- Records for the exercise
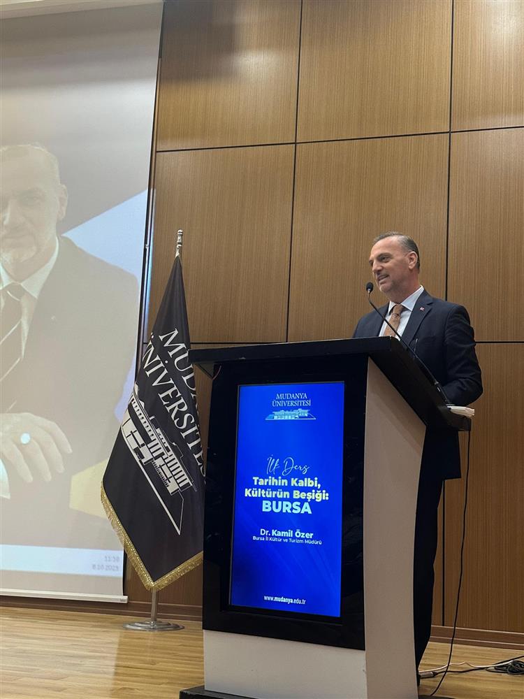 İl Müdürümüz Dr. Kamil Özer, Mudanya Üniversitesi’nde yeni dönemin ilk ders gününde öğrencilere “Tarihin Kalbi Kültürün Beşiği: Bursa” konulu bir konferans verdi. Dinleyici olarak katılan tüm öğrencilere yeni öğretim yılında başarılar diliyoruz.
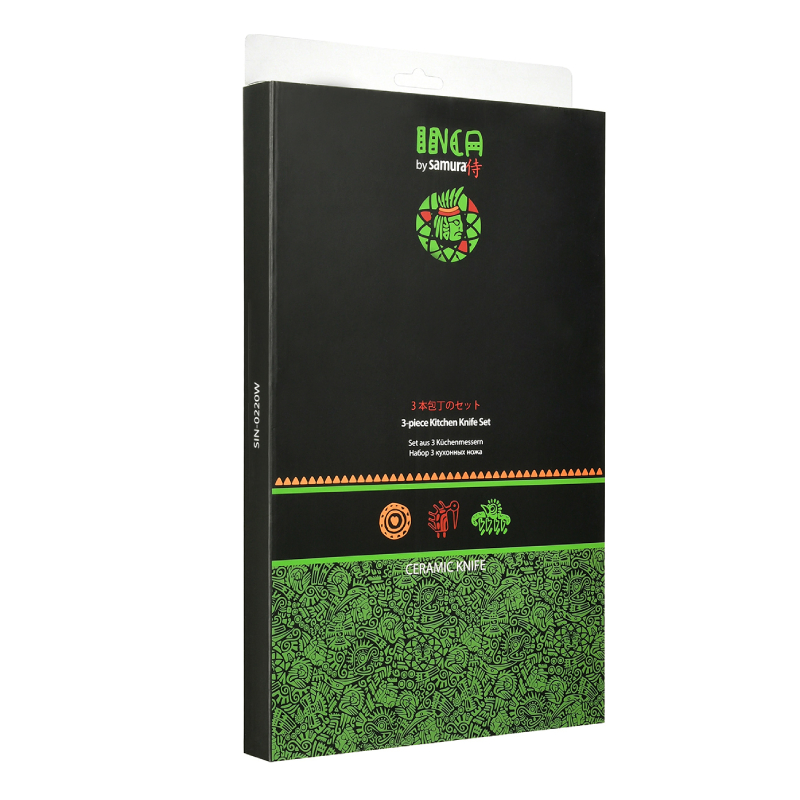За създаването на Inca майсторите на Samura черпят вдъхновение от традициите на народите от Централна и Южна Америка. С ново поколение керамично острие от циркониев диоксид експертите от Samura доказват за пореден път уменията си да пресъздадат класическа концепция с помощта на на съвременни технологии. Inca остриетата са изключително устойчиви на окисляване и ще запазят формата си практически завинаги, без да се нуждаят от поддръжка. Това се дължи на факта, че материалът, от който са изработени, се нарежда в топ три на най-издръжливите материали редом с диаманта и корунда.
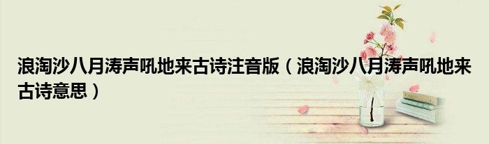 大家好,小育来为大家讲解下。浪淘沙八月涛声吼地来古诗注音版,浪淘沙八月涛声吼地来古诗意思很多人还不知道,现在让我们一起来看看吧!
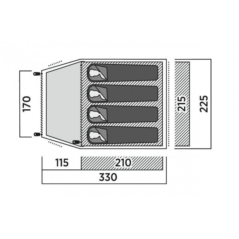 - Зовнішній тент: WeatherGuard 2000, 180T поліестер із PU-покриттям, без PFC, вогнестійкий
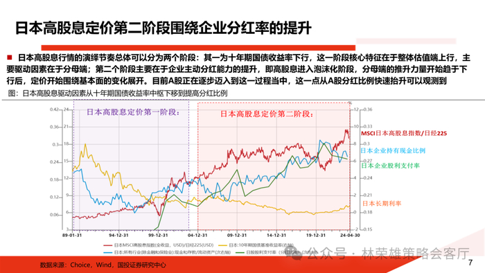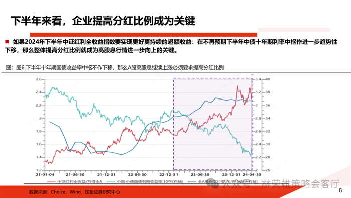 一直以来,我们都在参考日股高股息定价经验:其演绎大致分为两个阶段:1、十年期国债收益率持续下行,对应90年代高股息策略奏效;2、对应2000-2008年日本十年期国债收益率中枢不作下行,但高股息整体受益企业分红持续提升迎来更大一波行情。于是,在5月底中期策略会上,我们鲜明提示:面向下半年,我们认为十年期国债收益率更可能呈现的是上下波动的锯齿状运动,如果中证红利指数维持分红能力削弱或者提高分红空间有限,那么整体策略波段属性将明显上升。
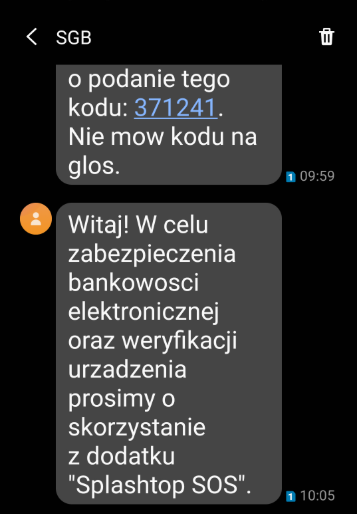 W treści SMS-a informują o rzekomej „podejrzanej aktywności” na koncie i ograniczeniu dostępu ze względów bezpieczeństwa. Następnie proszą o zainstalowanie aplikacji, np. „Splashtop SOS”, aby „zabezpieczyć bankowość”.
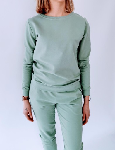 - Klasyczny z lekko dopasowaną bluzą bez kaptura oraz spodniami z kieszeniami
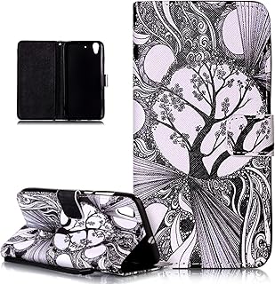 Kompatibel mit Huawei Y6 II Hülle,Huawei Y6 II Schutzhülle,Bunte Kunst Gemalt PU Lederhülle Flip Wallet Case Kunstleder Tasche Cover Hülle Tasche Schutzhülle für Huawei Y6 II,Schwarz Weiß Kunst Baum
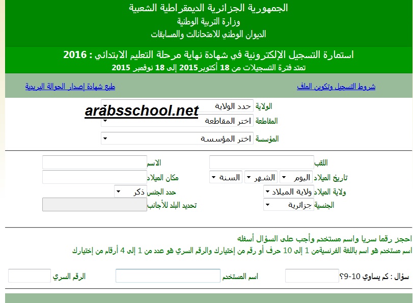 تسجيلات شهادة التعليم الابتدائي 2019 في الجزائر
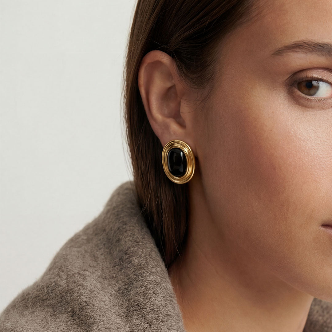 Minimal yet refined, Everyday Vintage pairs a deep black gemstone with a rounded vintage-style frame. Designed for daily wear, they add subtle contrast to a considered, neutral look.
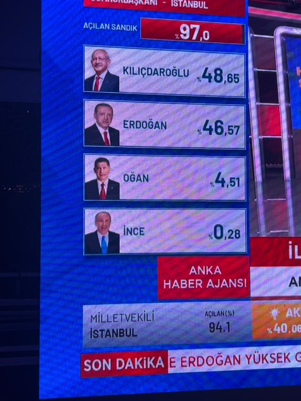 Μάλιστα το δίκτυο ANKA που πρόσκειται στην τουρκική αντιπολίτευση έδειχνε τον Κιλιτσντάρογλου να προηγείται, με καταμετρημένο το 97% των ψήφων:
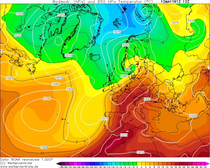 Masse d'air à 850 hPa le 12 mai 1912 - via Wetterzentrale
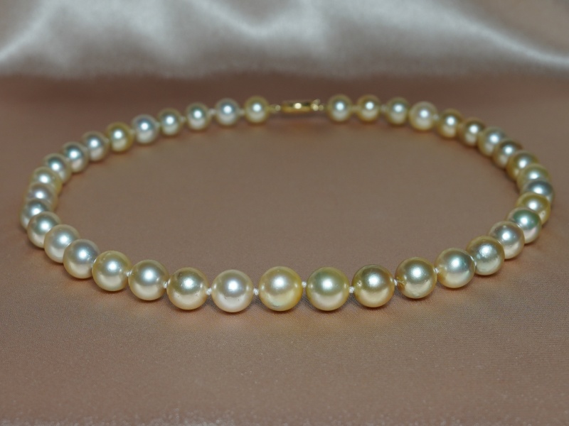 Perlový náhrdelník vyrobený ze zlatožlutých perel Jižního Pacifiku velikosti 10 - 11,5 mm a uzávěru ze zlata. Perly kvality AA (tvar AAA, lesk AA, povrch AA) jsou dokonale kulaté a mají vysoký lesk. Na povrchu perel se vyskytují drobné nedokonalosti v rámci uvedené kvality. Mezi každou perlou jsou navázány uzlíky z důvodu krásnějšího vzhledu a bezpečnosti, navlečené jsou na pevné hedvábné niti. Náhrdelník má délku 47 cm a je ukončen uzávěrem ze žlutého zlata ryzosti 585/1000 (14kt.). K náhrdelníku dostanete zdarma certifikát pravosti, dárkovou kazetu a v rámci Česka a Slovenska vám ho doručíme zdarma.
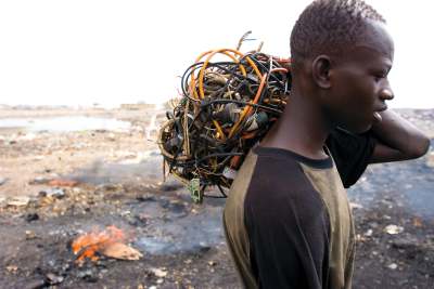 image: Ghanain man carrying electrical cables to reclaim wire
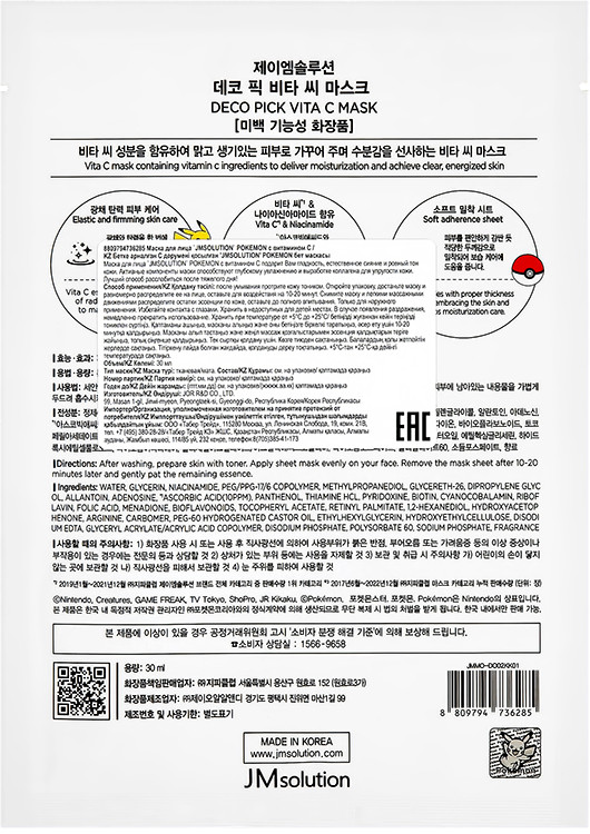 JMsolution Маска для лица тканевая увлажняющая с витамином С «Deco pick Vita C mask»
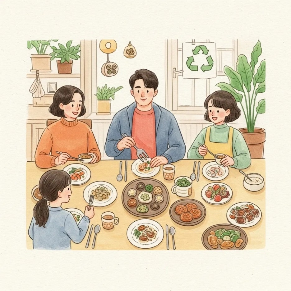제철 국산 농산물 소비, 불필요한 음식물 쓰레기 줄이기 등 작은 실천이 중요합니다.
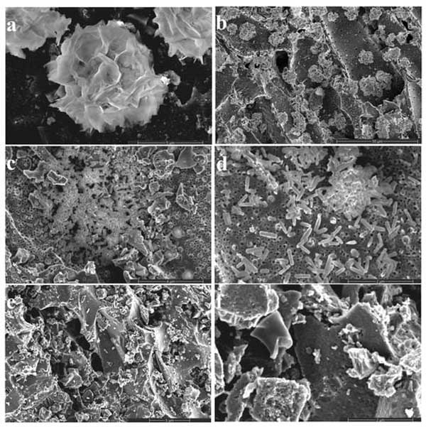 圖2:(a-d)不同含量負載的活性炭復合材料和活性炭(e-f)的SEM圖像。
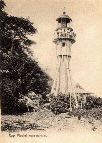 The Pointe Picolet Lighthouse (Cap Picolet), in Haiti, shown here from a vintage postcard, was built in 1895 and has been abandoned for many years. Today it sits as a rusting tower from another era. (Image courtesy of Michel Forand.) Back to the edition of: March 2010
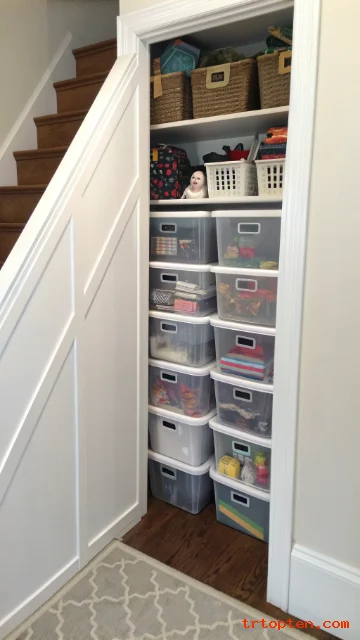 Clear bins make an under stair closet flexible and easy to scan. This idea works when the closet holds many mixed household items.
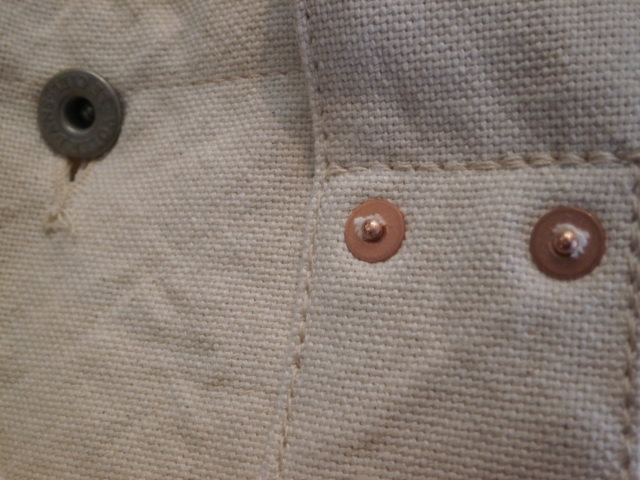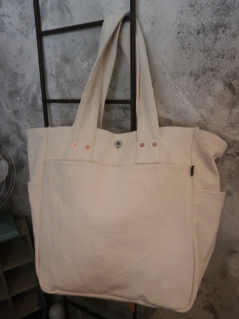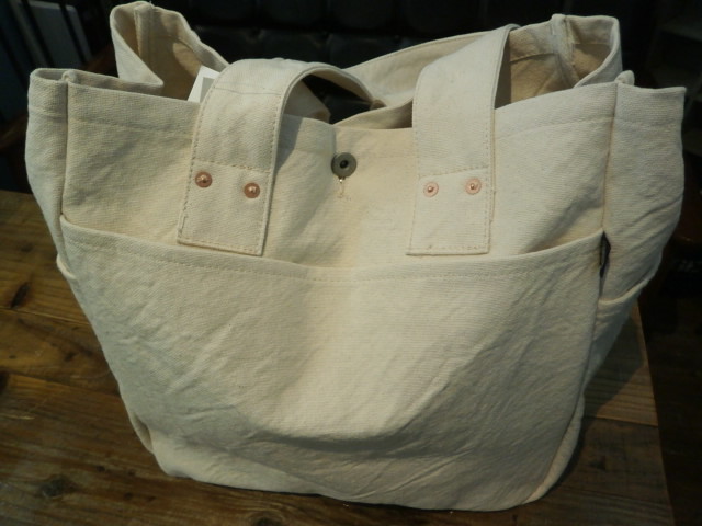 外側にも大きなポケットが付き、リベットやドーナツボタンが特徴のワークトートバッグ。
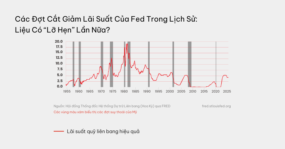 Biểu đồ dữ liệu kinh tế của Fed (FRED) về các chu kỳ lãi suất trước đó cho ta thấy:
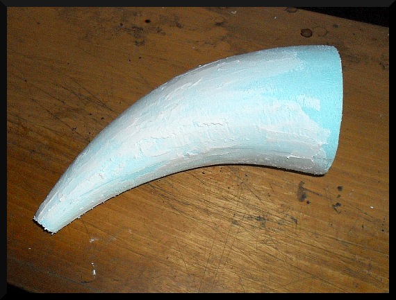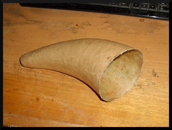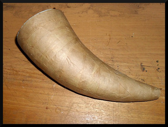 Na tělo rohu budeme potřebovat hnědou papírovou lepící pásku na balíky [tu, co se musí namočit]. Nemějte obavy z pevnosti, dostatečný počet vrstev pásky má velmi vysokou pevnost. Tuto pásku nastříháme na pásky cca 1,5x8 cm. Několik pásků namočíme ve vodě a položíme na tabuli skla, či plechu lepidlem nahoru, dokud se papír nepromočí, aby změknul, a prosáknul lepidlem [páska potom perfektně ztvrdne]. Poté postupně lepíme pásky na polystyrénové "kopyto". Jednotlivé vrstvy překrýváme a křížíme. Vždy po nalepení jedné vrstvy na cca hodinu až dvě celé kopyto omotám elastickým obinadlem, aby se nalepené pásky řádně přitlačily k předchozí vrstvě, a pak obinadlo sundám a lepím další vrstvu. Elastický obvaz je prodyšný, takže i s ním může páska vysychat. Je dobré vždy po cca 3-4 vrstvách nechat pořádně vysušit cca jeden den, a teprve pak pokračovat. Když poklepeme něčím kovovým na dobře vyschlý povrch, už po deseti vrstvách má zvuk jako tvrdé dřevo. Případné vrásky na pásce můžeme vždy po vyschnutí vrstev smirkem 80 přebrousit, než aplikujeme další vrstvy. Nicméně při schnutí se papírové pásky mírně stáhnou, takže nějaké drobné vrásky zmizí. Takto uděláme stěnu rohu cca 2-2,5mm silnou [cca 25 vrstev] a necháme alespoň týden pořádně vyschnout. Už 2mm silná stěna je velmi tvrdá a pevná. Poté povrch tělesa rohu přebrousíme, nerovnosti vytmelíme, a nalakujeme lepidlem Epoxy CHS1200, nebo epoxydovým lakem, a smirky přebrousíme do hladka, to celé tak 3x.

- Exercise prompt
The reply must hold every line above exactly as written and none of the pictures.

- Task result
 İl Müdürümüz Dr. Kamil Özer, Mudanya Üniversitesi’nde yeni dönemin ilk ders gününde öğrencilere “Tarihin Kalbi Kültürün Beşiği: Bursa” konulu bir konferans verdi. Dinleyici olarak katılan tüm öğrencilere yeni öğretim yılında başarılar diliyoruz.
За създаването на Inca майсторите на Samura черпят вдъхновение от традициите на народите от Централна и Южна Америка. С ново поколение керамично острие от циркониев диоксид експертите от Samura доказват за пореден път уменията си да пресъздадат класическа концепция с помощта на на съвременни технологии. Inca остриетата са изключително устойчиви на окисляване и ще запазят формата си практически завинаги, без да се нуждаят от поддръжка. Това се дължи на факта, че материалът, от който са изработени, се нарежда в топ три на най-издръжливите материали редом с диаманта и корунда.
 大家好,小育来为大家讲解下。浪淘沙八月涛声吼地来古诗注音版,浪淘沙八月涛声吼地来古诗意思很多人还不知道,现在让我们一起来看看吧!
 - Зовнішній тент: WeatherGuard 2000, 180T поліестер із PU-покриттям, без PFC, вогнестійкий
 一直以来,我们都在参考日股高股息定价经验:其演绎大致分为两个阶段:1、十年期国债收益率持续下行,对应90年代高股息策略奏效;2、对应2000-2008年日本十年期国债收益率中枢不作下行,但高股息整体受益企业分红持续提升迎来更大一波行情。于是,在5月底中期策略会上,我们鲜明提示:面向下半年,我们认为十年期国债收益率更可能呈现的是上下波动的锯齿状运动,如果中证红利指数维持分红能力削弱或者提高分红空间有限,那么整体策略波段属性将明显上升。
 W treści SMS-a informują o rzekomej „podejrzanej aktywności” na koncie i ograniczeniu dostępu ze względów bezpieczeństwa. Następnie proszą o zainstalowanie aplikacji, np. „Splashtop SOS”, aby „zabezpieczyć bankowość”.
 - Klasyczny z lekko dopasowaną bluzą bez kaptura oraz spodniami z kieszeniami
 Kompatibel mit Huawei Y6 II Hülle,Huawei Y6 II Schutzhülle,Bunte Kunst Gemalt PU Lederhülle Flip Wallet Case Kunstleder Tasche Cover Hülle Tasche Schutzhülle für Huawei Y6 II,Schwarz Weiß Kunst Baum
 تسجيلات شهادة التعليم الابتدائي 2019 في الجزائر
 Minimal yet refined, Everyday Vintage pairs a deep black gemstone with a rounded vintage-style frame. Designed for daily wear, they add subtle contrast to a considered, neutral look.
 Μάλιστα το δίκτυο ANKA που πρόσκειται στην τουρκική αντιπολίτευση έδειχνε τον Κιλιτσντάρογλου να προηγείται, με καταμετρημένο το 97% των ψήφων:
 Masse d'air à 850 hPa le 12 mai 1912 - via Wetterzentrale
 Perlový náhrdelník vyrobený ze zlatožlutých perel Jižního Pacifiku velikosti 10 - 11,5 mm a uzávěru ze zlata. Perly kvality AA (tvar AAA, lesk AA, povrch AA) jsou dokonale kulaté a mají vysoký lesk. Na povrchu perel se vyskytují drobné nedokonalosti v rámci uvedené kvality. Mezi každou perlou jsou navázány uzlíky z důvodu krásnějšího vzhledu a bezpečnosti, navlečené jsou na pevné hedvábné niti. Náhrdelník má délku 47 cm a je ukončen uzávěrem ze žlutého zlata ryzosti 585/1000 (14kt.). K náhrdelníku dostanete zdarma certifikát pravosti, dárkovou kazetu a v rámci Česka a Slovenska vám ho doručíme zdarma.
 image: Ghanain man carrying electrical cables to reclaim wire
 JMsolution Маска для лица тканевая увлажняющая с витамином С «Deco pick Vita C mask»
제철 국산 농산물 소비, 불필요한 음식물 쓰레기 줄이기 등 작은 실천이 중요합니다.
 圖2:(a-d)不同含量負載的活性炭復合材料和活性炭(e-f)的SEM圖像。
 The Pointe Picolet Lighthouse (Cap Picolet), in Haiti, shown here from a vintage postcard, was built in 1895 and has been abandoned for many years. Today it sits as a rusting tower from another era. (Image courtesy of Michel Forand.) Back to the edition of: March 2010
 Clear bins make an under stair closet flexible and easy to scan. This idea works when the closet holds many mixed household items.
 外側にも大きなポケットが付き、リベットやドーナツボタンが特徴のワークトートバッグ。
 Biểu đồ dữ liệu kinh tế của Fed (FRED) về các chu kỳ lãi suất trước đó cho ta thấy:
 Na tělo rohu budeme potřebovat hnědou papírovou lepící pásku na balíky [tu, co se musí namočit]. Nemějte obavy z pevnosti, dostatečný počet vrstev pásky má velmi vysokou pevnost. Tuto pásku nastříháme na pásky cca 1,5x8 cm. Několik pásků namočíme ve vodě a položíme na tabuli skla, či plechu lepidlem nahoru, dokud se papír nepromočí, aby změknul, a prosáknul lepidlem [páska potom perfektně ztvrdne]. Poté postupně lepíme pásky na polystyrénové "kopyto". Jednotlivé vrstvy překrýváme a křížíme. Vždy po nalepení jedné vrstvy na cca hodinu až dvě celé kopyto omotám elastickým obinadlem, aby se nalepené pásky řádně přitlačily k předchozí vrstvě, a pak obinadlo sundám a lepím další vrstvu. Elastický obvaz je prodyšný, takže i s ním může páska vysychat. Je dobré vždy po cca 3-4 vrstvách nechat pořádně vysušit cca jeden den, a teprve pak pokračovat. Když poklepeme něčím kovovým na dobře vyschlý povrch, už po deseti vrstvách má zvuk jako tvrdé dřevo. Případné vrásky na pásce můžeme vždy po vyschnutí vrstev smirkem 80 přebrousit, než aplikujeme další vrstvy. Nicméně při schnutí se papírové pásky mírně stáhnou, takže nějaké drobné vrásky zmizí. Takto uděláme stěnu rohu cca 2-2,5mm silnou [cca 25 vrstev] a necháme alespoň týden pořádně vyschnout. Už 2mm silná stěna je velmi tvrdá a pevná. Poté povrch tělesa rohu přebrousíme, nerovnosti vytmelíme, a nalakujeme lepidlem Epoxy CHS1200, nebo epoxydovým lakem, a smirky přebrousíme do hladka, to celé tak 3x.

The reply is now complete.